------ The input

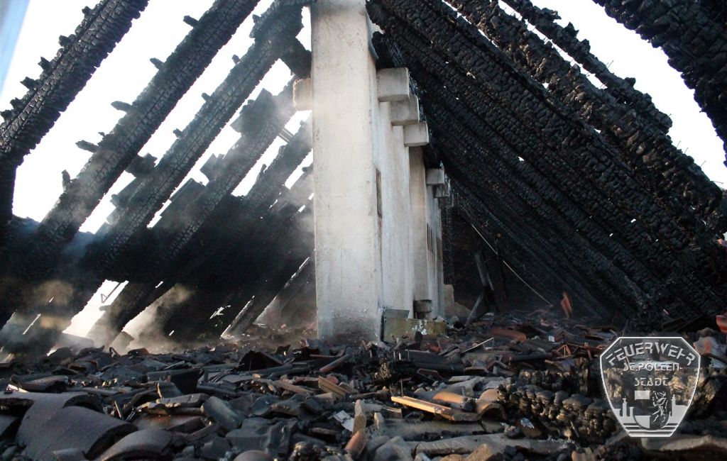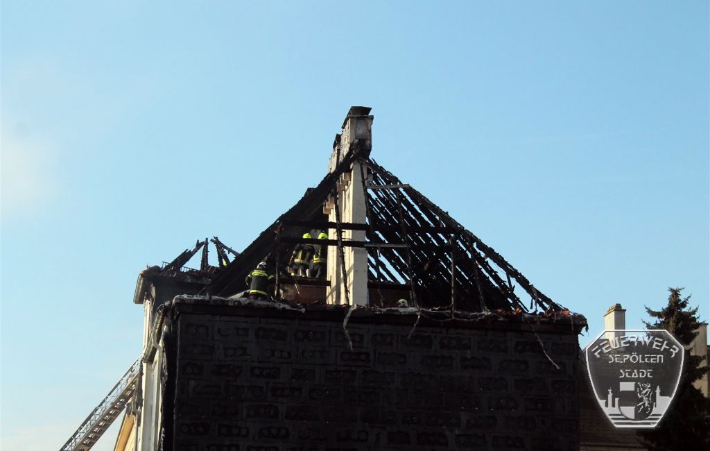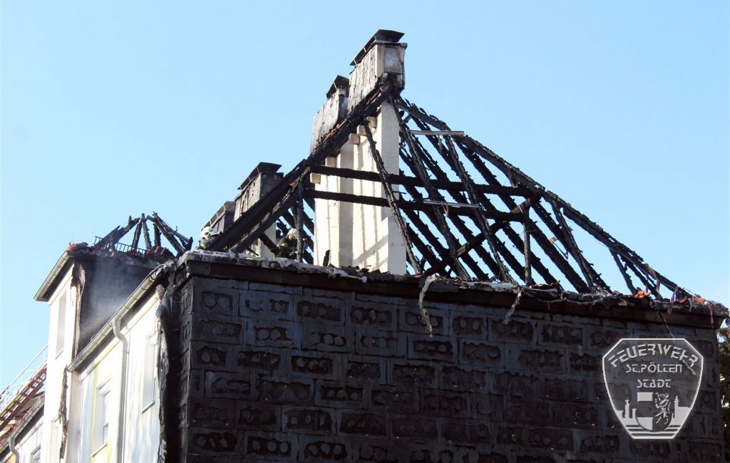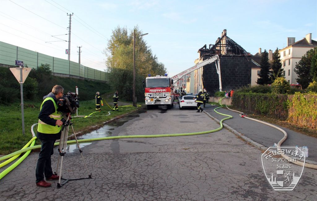 Da der Brand nicht nur auf den Dachstuhl, sondern auch auf die Zwischendecke darunter übergegriffen hatte, standen mit einer Teleskopmastbühne und zwei Drehleitern, drei Hubrettungsgeräte im Einsatz. Um alle Glutnester erreichen zu können, musste das Dach des Gebäudes geöffnet werden.
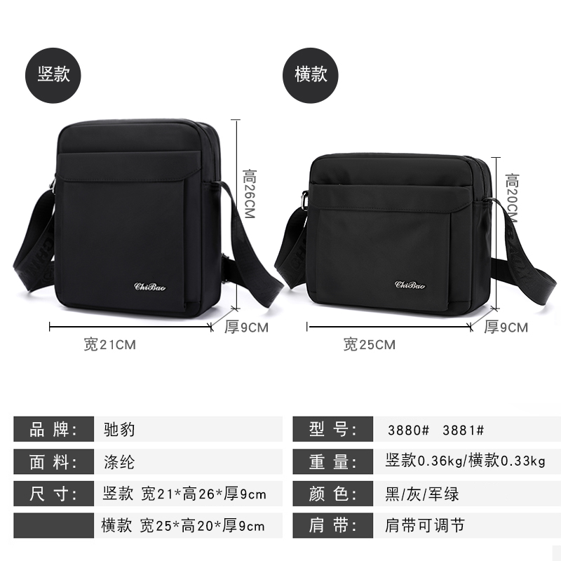 驰豹男士斜挎包单肩包休闲多功能背包牛津布包包帆布男包商务旅行
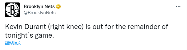 在篮下,杜兰特被倒地的巴特勒不慎撞倒膝盖,杜兰特穿上鞋之后继续比赛,之后杜兰特要求下场,并且返回更衣室接受检查;之后篮网官宣杜兰特因右膝受伤退出本场比赛。
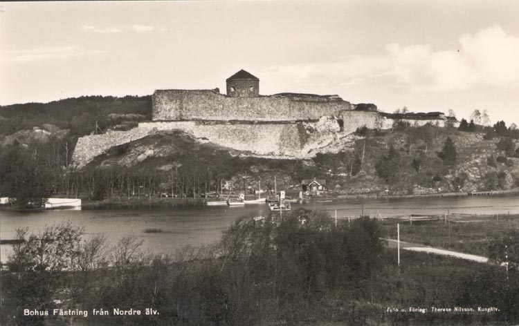 Tryckt text på kortet: "Bohus Fästning från Nordre älv".
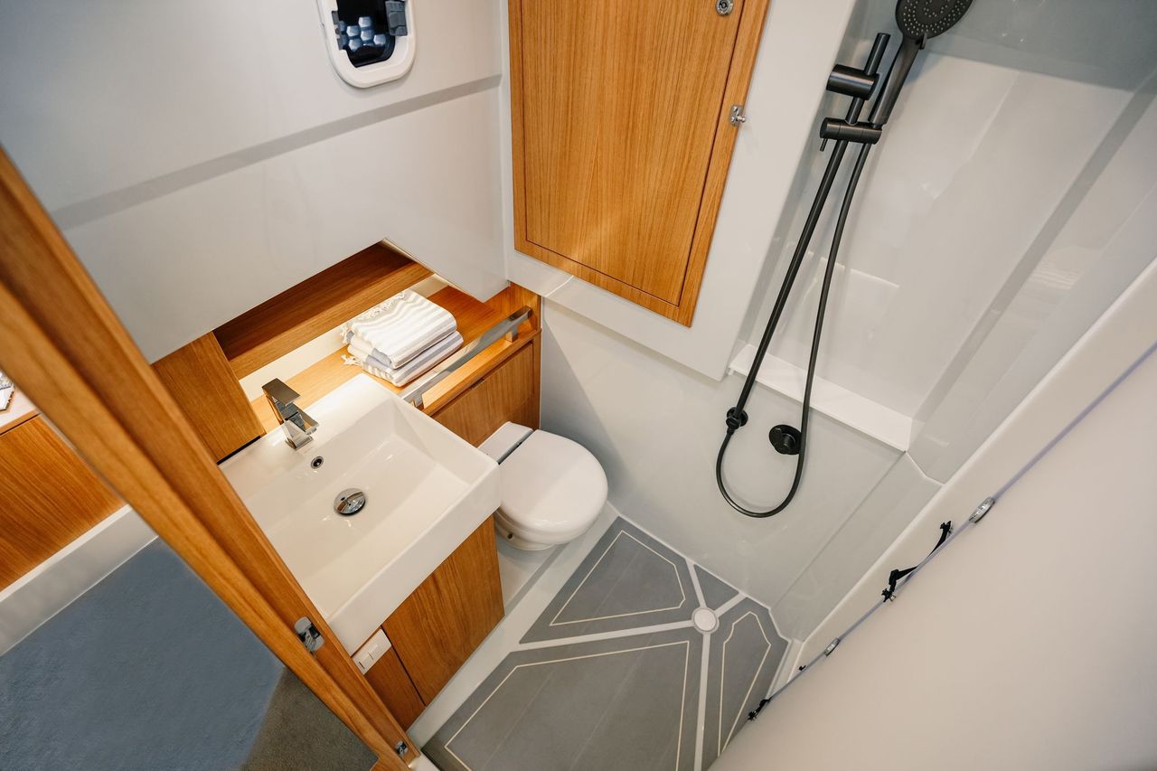 I forkahytten er der en dobbeltseng og eget badeværelse med separat brusekabine. Agter er der gæstekahyt med to køjer og endnu et toilet. Begge rum har god ventilation og rigelig opbevaringsplads.
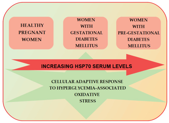 Notably, Garamvölgyi et al. have recently demonstrated that serum Hsp70 concentrations are significantly higher in women with pre-gestational and gestational diabetes mellitus than in healthy pregnant women [36] (Figure 2).
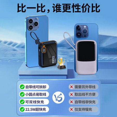 20000毫安时充电宝自带线22.5W移动电源 迷你小巧大容量 钢琴黑 |
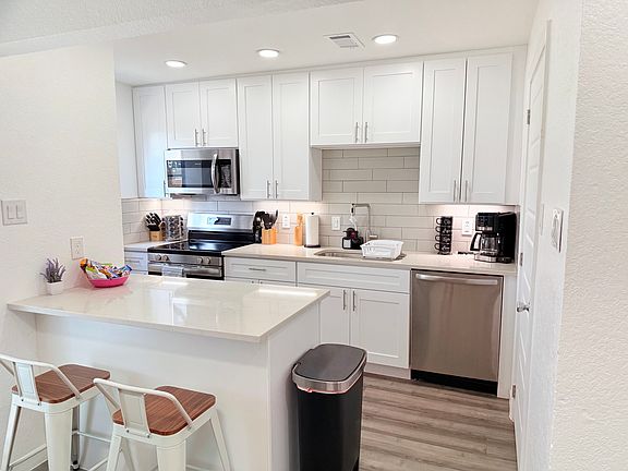 This 3-bedroom, 2-bath vacation home offers a secure, quiet setting with a patio and balcony for relaxing or grilling. Inside, you'll find a fully equipped kitchen, laundry room, dining area, and family room with a 65" Smart TV. The master suite features a king bed, beauty sleep mattress, 55" ROKU TV, and en-suite bath. The second bedroom has a queen bunk bed and Smart TV; the third features two full beds with memory foam mattresses and another Smart TV. Ideal for families and groups, this home provides comfort and entertainment after work or sightseeing.
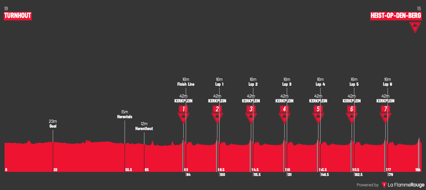 Opnieuw is de wedstrijd 194 kilometer lang. De koers begint met een aanloop van 84,8 kilometer vanaf de Grote Markt in Turnhout. Daarna volgen nog zeven plaatselijke rondes in Heist-op-den-Berg van 15,6 kilometer. Vooral de laatste drie kilometer van elke lokale ronde is interessant, want daar ligt de Heistse Berg (0,6 km aan 5%). Deze boezemt de sprinters niet veel angst in, maar is voor puncheurs en aanvallers wel de uitgelezen plek om een aanval te plaatsen.
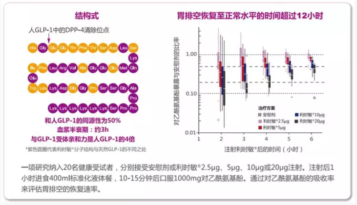 胃排空率是PPG的重要決定因素,是維持血糖穩(wěn)態(tài)的基礎(chǔ)。安慰劑對照研究結(jié)果顯示,利司那肽延緩胃排空恢復(fù)正常水平的時間超過12小時,長期使用效果穩(wěn)定。
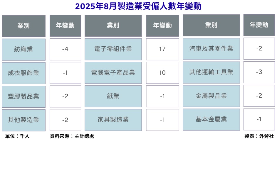 受僱員工人數方面,8月紡織業年減4千人、其他運輸製造業年減3千人、塑膠製品製造業年減2千人、金屬製品製造業年減2千人、汽車業年減2千人;此外成衣、木竹、紙業、印刷、化學材料、基本金屬、家具等製造業也都出現年減千人的情況。
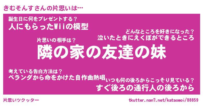 | ヘコむあだ名 | 『きむっふぃ~』『つくし』 |
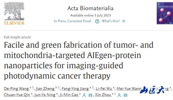 曹济民教授与周鑫教授团队在《Acta Biomaterialia》发文:线粒体靶向AIEgen-蛋白纳米粒子用于成像引导的肿瘤光动力治疗-国产亚洲精品美女久久久_99久无码中文字幕一本久道_亚洲成AV人影院_亚洲AV影院一区二区三区 狠狠躁夜夜躁人人爽天天不卡_国产激情久久久久影院老熟女_精品性高朝久久久久久久
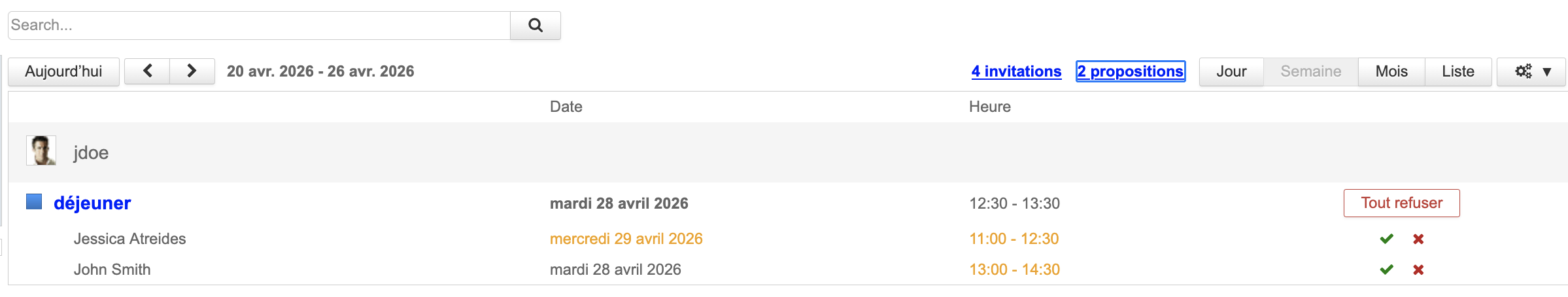 Lorsqu'un utilisateur propose un nouvel horaire, l'organisateur, ou son délégué, peut accepter ou refuser la proposition via :
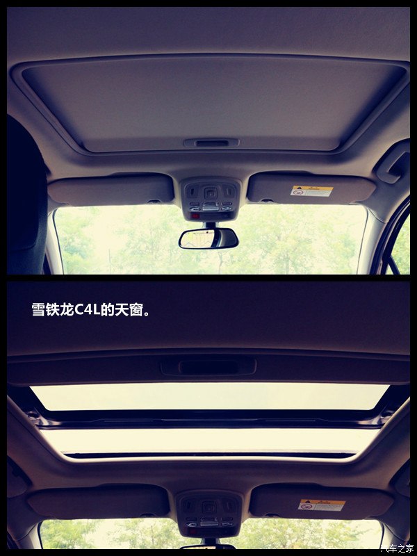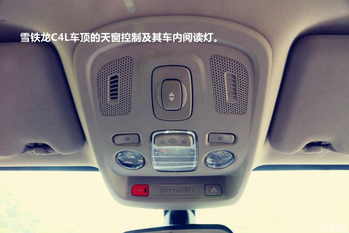雪铁龙C4L车顶的天窗控制及其车内阅读灯。
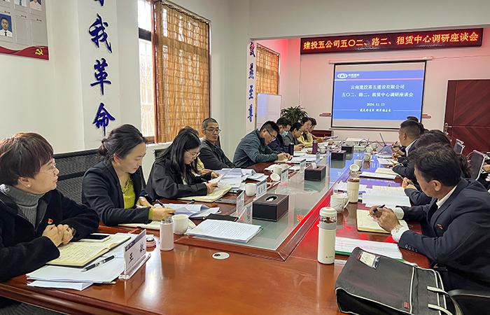 11月13日上午,公司黨委副書記(主持工作)、董事長唐生炳,黨委委員、副總經理仲金榮,黨委委員、紀委書記李強,黨委委員、工會主席白建萍、財務總監(jiān)楊潔到五〇二直管項目部、路橋二部、租賃中心調研座談。
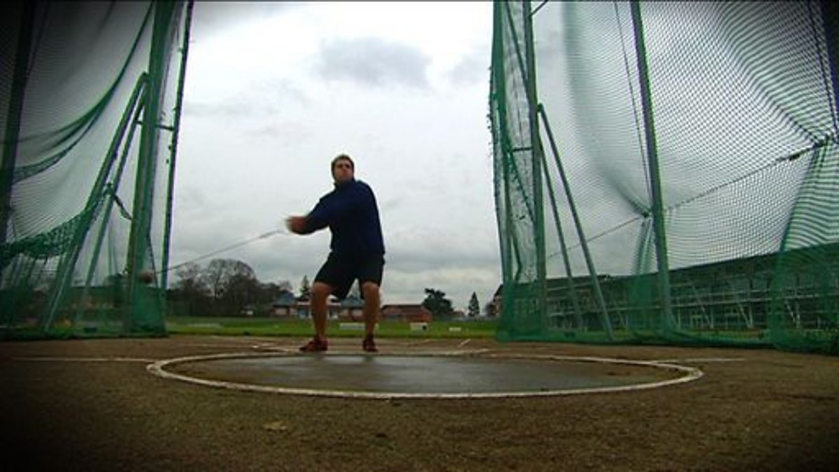 A hammer thrower talks about his training and technique. The path of the throw is drawn on the screen and the energy changes are discussed.
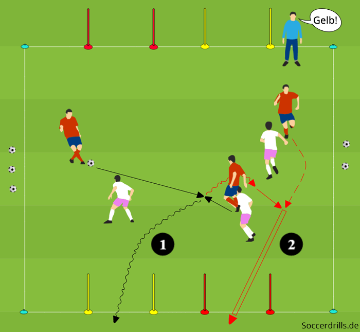 - Kommt das Signal „Gelb!“ gilt für ein Team dribbelnd das gelbe Stangentor zu durchqueren, durchs rote darf gepasst/geschossen werden. Beim anderen Team ist es genau umgekehrt. Vorher wird natürlich festgelegt, welches Team durchs aufgerufene Tor dribbelt und welches passt/schießt.
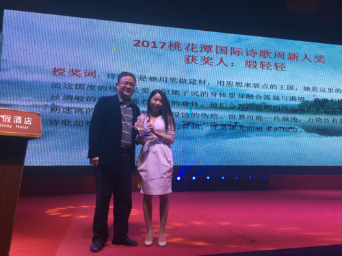 在24日的颁奖吟诵晚会上,来自上海的缎轻轻、江西婺源的龙安,分别以《万物规律》、《雨中的三月》等诗歌组诗作品获得2017年桃花潭国际诗歌周新人奖,桃花潭文化艺术中心创始人、桃花潭国际诗歌周策划人之一韦国平与中国作协《诗刊》副主编李少君为获奖选手颁发了新人奖。

------------

## Your task
All lines from the start of the entries through the one with "20000毫安时充电宝自带线22.5W移动电源 迷你小巧大容量 钢琴黑 |" are to be output exactly; omit the pictures.

## Written solution
 Da der Brand nicht nur auf den Dachstuhl, sondern auch auf die Zwischendecke darunter übergegriffen hatte, standen mit einer Teleskopmastbühne und zwei Drehleitern, drei Hubrettungsgeräte im Einsatz. Um alle Glutnester erreichen zu können, musste das Dach des Gebäudes geöffnet werden.
 驰豹男士斜挎包单肩包休闲多功能背包牛津布包包帆布男包商务旅行
 在篮下,杜兰特被倒地的巴特勒不慎撞倒膝盖,杜兰特穿上鞋之后继续比赛,之后杜兰特要求下场,并且返回更衣室接受检查;之后篮网官宣杜兰特因右膝受伤退出本场比赛。
 Tryckt text på kortet: "Bohus Fästning från Nordre älv".
 I forkahytten er der en dobbeltseng og eget badeværelse med separat brusekabine. Agter er der gæstekahyt med to køjer og endnu et toilet. Begge rum har god ventilation og rigelig opbevaringsplads.
 Notably, Garamvölgyi et al. have recently demonstrated that serum Hsp70 concentrations are significantly higher in women with pre-gestational and gestational diabetes mellitus than in healthy pregnant women [36] (Figure 2).
 20000毫安时充电宝自带线22.5W移动电源 迷你小巧大容量 钢琴黑 |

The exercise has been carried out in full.